New Tools Available to Help Diagnose Skin Cancer
NEW YORK — More technologies are becoming available that are expected to help improve early detection of skin cancer, while reducing the need for unnecessary biopsies, according to Jonathan Ungar, MD, associate professor of dermatology at the Icahn School of Medicine at Mount Sinai Hospital, New York City.
Improving skin cancer diagnostics remains a priority because early detection is key for reducing morbidity and mortality from melanoma. The 5-year overall survival rate (OS) for patients with melanoma is roughly 92%, falling to 65% when there is lymph node involvement and 25% when the disease spreads to other organs.
Skin cancer screening is largely based on pattern recognition, including consideration of family history, visual inspection, and dermoscopy, but skin biopsy remains the gold standard for detecting malignancy. Although histopathology delivers the most accurate skin cancer diagnoses, biopsies can result in scarring in cosmetically sensitive areas and leave room for human error because of differences in opinion between pathologists.
“Several new technologies have arisen that can improve diagnosis and monitoring for skin cancer, while at the same time minimizing the need for unnecessary biopsies,” Ungar said at the annual Mount Sinai Winter Symposium on Advances in Medical and Surgical Dermatology, where he presented an update on noninvasive skin cancer screening techniques.
These improvements have largely been driven by advancing technology and, in some cases, existing technologies that have become more attractive for dermatologists and patients alike. Total body photography, in which anatomical locations of all lesions on body surfaces are documented, is more accurate than clinical memory/recall but its use has been limited because it is time consuming to take, store, catalog, map, and compare images, said Ungar, medical director of the Waldman Melanoma and Skin Cancer Center at Mount Sinai.
New technologies like the VECTRA WB180/360 systems (Canfield Scientific), a whole-body imaging system, have addressed many of these issues, he noted. This device utilizes many cameras simultaneously, does not require patients to change position, and constructs a 3D avatar of each patient, which catalogs images and their location, making it easy to track lesions over time. A patient spends less than a minute being photographed and the clinical avatar is generated in about 15 minutes.
The machine is integrated with advanced dermoscopy and software in which serial images are clearly displayed for physicians to analyze.
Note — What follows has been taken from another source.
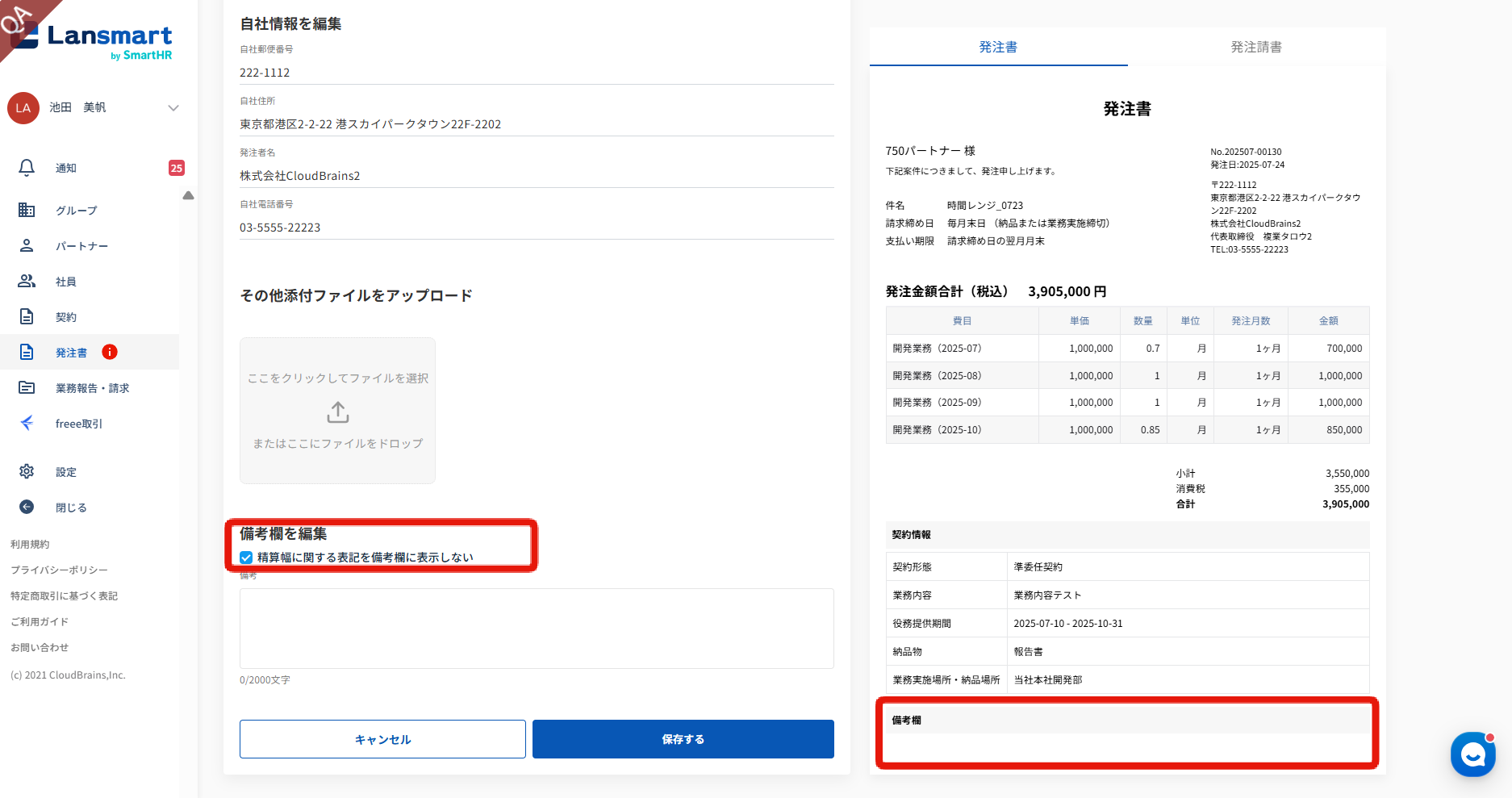 時間レンジを伴う報酬の稼働条件の場合、精算幅に関する内容が備考欄に自動で表示されます。 発注書作成画面の「備考欄を編集」の下に、「精算幅に関する表記を備考欄に表示しない」というチェックボックスがございますので、精算幅に関する記載を非表示にされたい場合は、☑をつけてください。 デフォルトは、チェックオフになっています。 ☑を付けた場合も、「備考欄を編集」に入力した内容は発注書に反映されます。

According to Ungar, this tool is effective at helping clinicians determine if there have been concerning dermoscopic changes over time in a more seamless way but still requires the subjective analysis of a clinician.
Electrical impedance spectroscopy (EIS) devices provide dermatologists with more objective data than photos. These devices measure electrical resistance of skin and are sensitive to changes in cellular shape, size, type, and membrane composition.
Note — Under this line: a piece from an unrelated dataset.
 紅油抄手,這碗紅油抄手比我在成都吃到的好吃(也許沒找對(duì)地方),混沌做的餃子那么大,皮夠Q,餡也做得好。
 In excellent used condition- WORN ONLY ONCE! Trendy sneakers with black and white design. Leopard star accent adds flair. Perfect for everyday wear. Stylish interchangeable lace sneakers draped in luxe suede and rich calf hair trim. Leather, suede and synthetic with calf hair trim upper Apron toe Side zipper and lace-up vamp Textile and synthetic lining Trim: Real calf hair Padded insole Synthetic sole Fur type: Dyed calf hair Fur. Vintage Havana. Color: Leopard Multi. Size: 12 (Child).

As an example, Ungar gave an overview of the Nevisense EIS device (SciBase AB), which is US Food and Drug Administration (FDA) approved for early melanoma detection, and is painless and has no adverse events associated with its use. The tool provides an EIS score from 0-10 that is based on objective data rather than qualitative inspection. “It’s important to note that this score does not tell the clinician ‘biopsy’ or ‘don’t biopsy,’ but rather provides additional data about a lesion quickly and painlessly,” explained Ungar.
In a study published in 2014, the device was found to have a sensitivity of 96.6% and a Negative Predictive Value (NPV) of 98.2% for melanoma. “Given the ease of performing the measurement and an NPV of 99% [with updated software] this tool can be extremely useful to the clinician to decide what to do with any given lesion,” Ungar said.
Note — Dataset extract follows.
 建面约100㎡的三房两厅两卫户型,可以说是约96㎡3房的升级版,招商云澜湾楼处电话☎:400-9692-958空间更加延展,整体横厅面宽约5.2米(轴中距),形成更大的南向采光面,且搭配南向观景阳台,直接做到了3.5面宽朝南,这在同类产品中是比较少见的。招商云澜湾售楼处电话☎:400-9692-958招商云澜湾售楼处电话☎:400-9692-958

Optical coherence tomography (OCT) is a noninvasive, in vivo imaging modality that provides information about the skin’s architecture. Although it provides low-resolution images, it has a high depth of penetration. OCT has been shown to be superior to dermoscopy for detecting cancerous vs noncancerous lesions, with a sensitivity of 91.8% and a specificity of 86.7% compared with 83.2% and 85.8%, respectively, for dermoscopy. “Since the most common locations for nonmalignant skin cancer are cosmetically sensitive, OCT can help to avoid unnecessary biopsies,” Ungar said.
Reflectance confocal microscopy (RCF) is a tool similar to OCT but provides higher resolution images with the tradeoff that it does not penetrate as deeply into the skin. Ungar noted that RCF is particularly useful in diagnosing melanocytic lesions, citing a study which found that not only were fewer biopsies needed to detect cancer with the use of RCF than with dermoscopy, but that RCF alone actually performed better at identifying when a patient had cancer than the use of the tool in conjunction with dermoscopy.
This again highlights the fact that human error in image analysis can sometimes be mitigated by the use of these new technologies, he noted.
“All these tools may be very helpful in more cosmetically sensitive areas to avoid biopsy,” said Theodore James Daly, MD, director of Garden City Dermatology, who was at the meeting and was asked to comment. “Ultimately if I am concerned about a lesion, I would opt not only for a biopsy but genetic testing as well,” he added. Daly noted that although genetic testing of lesions is not widespread, he sees it as a tool, which, like those described by Ungar, will become a more standard part of dermatological practice as practice advances.
Ungar and Daly report no relevant financial relationships.
Myles Starr is a medical journalist based in New York City.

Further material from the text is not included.